Cover stories

D&O and exposure to cyber risk

A definition of cyber security, which fits well with how a director might think about it, is ‘the digital or human measures you can take to reduce the risk and harm to your company’s information and information-based systems through theft, alteration or destruction’.

The need for cyber security doesn’t broaden the duties of directors defined in the Companies Act 2006. However, it is yet another way in which a breach of duty may manifest itself.

The fundamental risk posed by cyber has always existed but, in this case, it is the loss of information or theft of intellectual rather than physical property. The method by which it may be suffered is what has changed.
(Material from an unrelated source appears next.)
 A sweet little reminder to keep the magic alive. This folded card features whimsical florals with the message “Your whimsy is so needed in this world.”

In days gone by, the garden variety bank robber would have marched into their local branch, brandishing their shotgun and, if successful, would re-emerge with the loot. These days, the thief could be sitting at home watching Eastenders while simultaneously fleecing a bank for millions of pounds, probably more than most bank robbers could physically carry.
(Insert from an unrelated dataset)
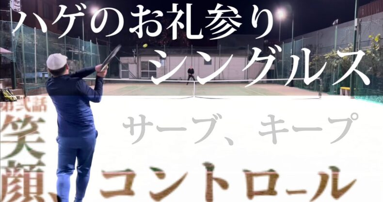 ハゲのお礼参りシングルス対決!サーブキープ出来るのか!【テニス/シングルス】笑顔のコントロールタワー編

A recent Deloitte survey (involving 100 directors of Fortune 2000 companies) highlighted that boards were not actively addressing this element of risk. This could be for any number of reasons possibly through a lack of understanding of the issues or through feeling that cyber exposure is not relevant to their company.
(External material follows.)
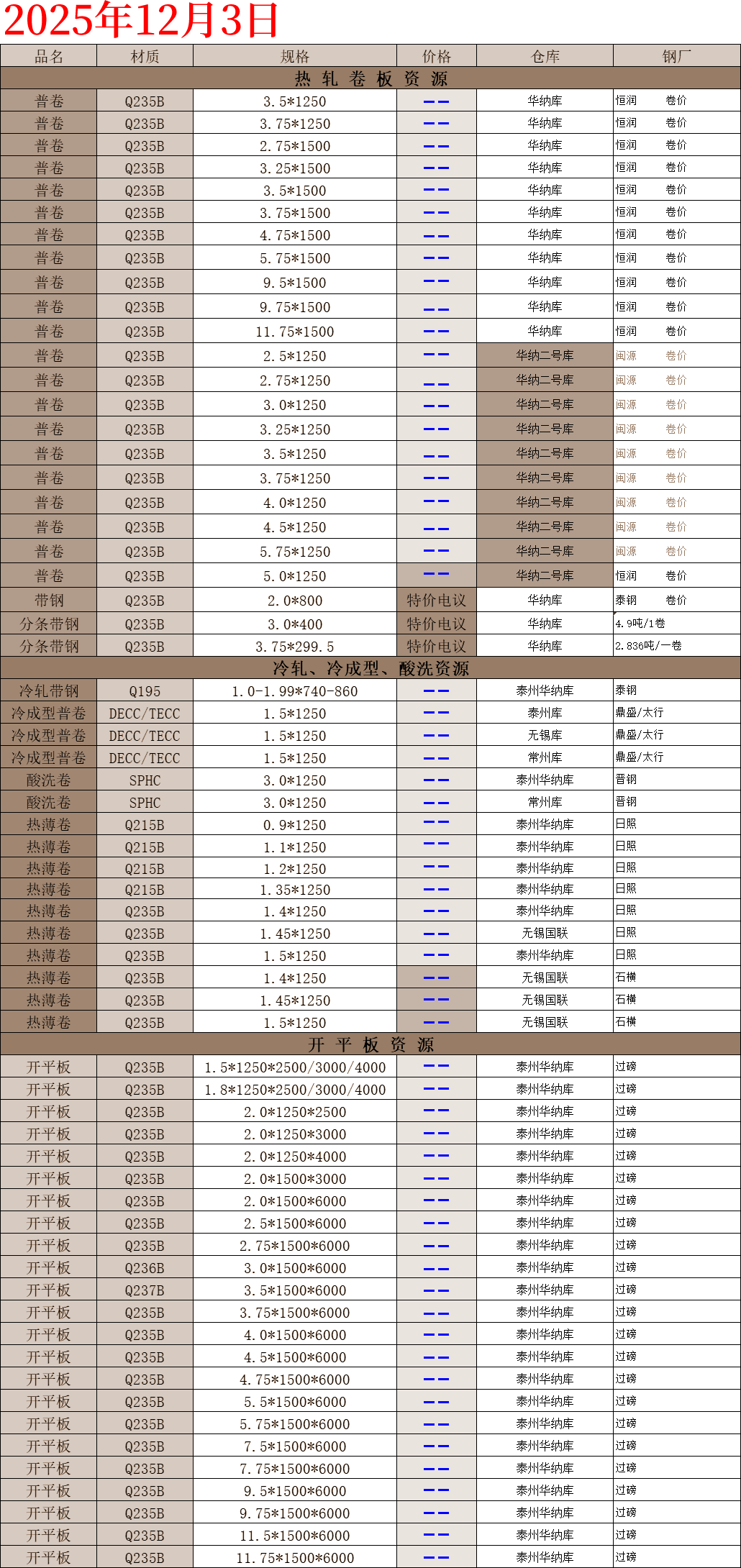 市场变化较快,实际成交价格以电询为准!报价说明 :以上卷板报价均为整件含开价,正常库存开平板出售+50需定开3米以上(包括3米)非整件+60,需定开2-3米非整件+70(包括2米),非整件小于1米-2米+80(包括1米),小于1米另计

At the risk of propagating a stereotype board members, perhaps in the twilight of their careers, may not be completely au fait with the potential havoc a cyber breach could wreak on their business.

Those who climbed the corporate ranks before the world became as interconnected as it is today may not appreciate the threats accompanying the opportunities afforded by new technology. However, it is now more important than ever for boards to be equally aware of the risk posed by cyber perils to their business as they are of strategic, regulatory and financial risks.

This doesn’t mean that every director needs to be able to outwit the hackers. Responsibility can take the shape of appointing a board member to be responsible for this aspect of risk, or making it a key element of internal audit reporting. No self-respecting company would be without a CFO keeping an eye on the balance sheet, so why should cyber security command any less attention? Ultimately, a board of directors is jointly and severally liable, so as a collective they need to be confident that they understand this risk.

While directors should assume that cyber risk is relevant to any company, whatever its business, there are some factors that increase the likely severity of a cyber breach. These include a reliance on intellectual property (IP), reliance on online services, pursuit of takeovers and, perhaps most obviously, the retention of the personal information of customers and employees.

How does this translate in to a D&O claim? Surely this is what cyber insurance is for? With cyber still not bought as widely as it perhaps ought to be, employees and customers who’ve had their data stolen, or shareholders whose investments have tanked following a cyber breach, may look to a company’s directors as the culprits.

The directors of US retailer Target found out the hard way. Having been advised to buy a larger limit of cyber, they decided against it and were held liable as directors as a result.

Naturally the exposure is heightened for US-listed companies where, for example, a falling share price after a company’s prize piece of IP has been stolen will invite the entrepreneurial legal profession in the USA to go looking for a mistake, for someone to point the finger at who can pay the damages.

So, while cyber is an exposure you’d perhaps more immediately associate with online businesses, a director of any business is potentially exposed to its impact, so should make sure that their company has the right levels of cyber and D&O cover.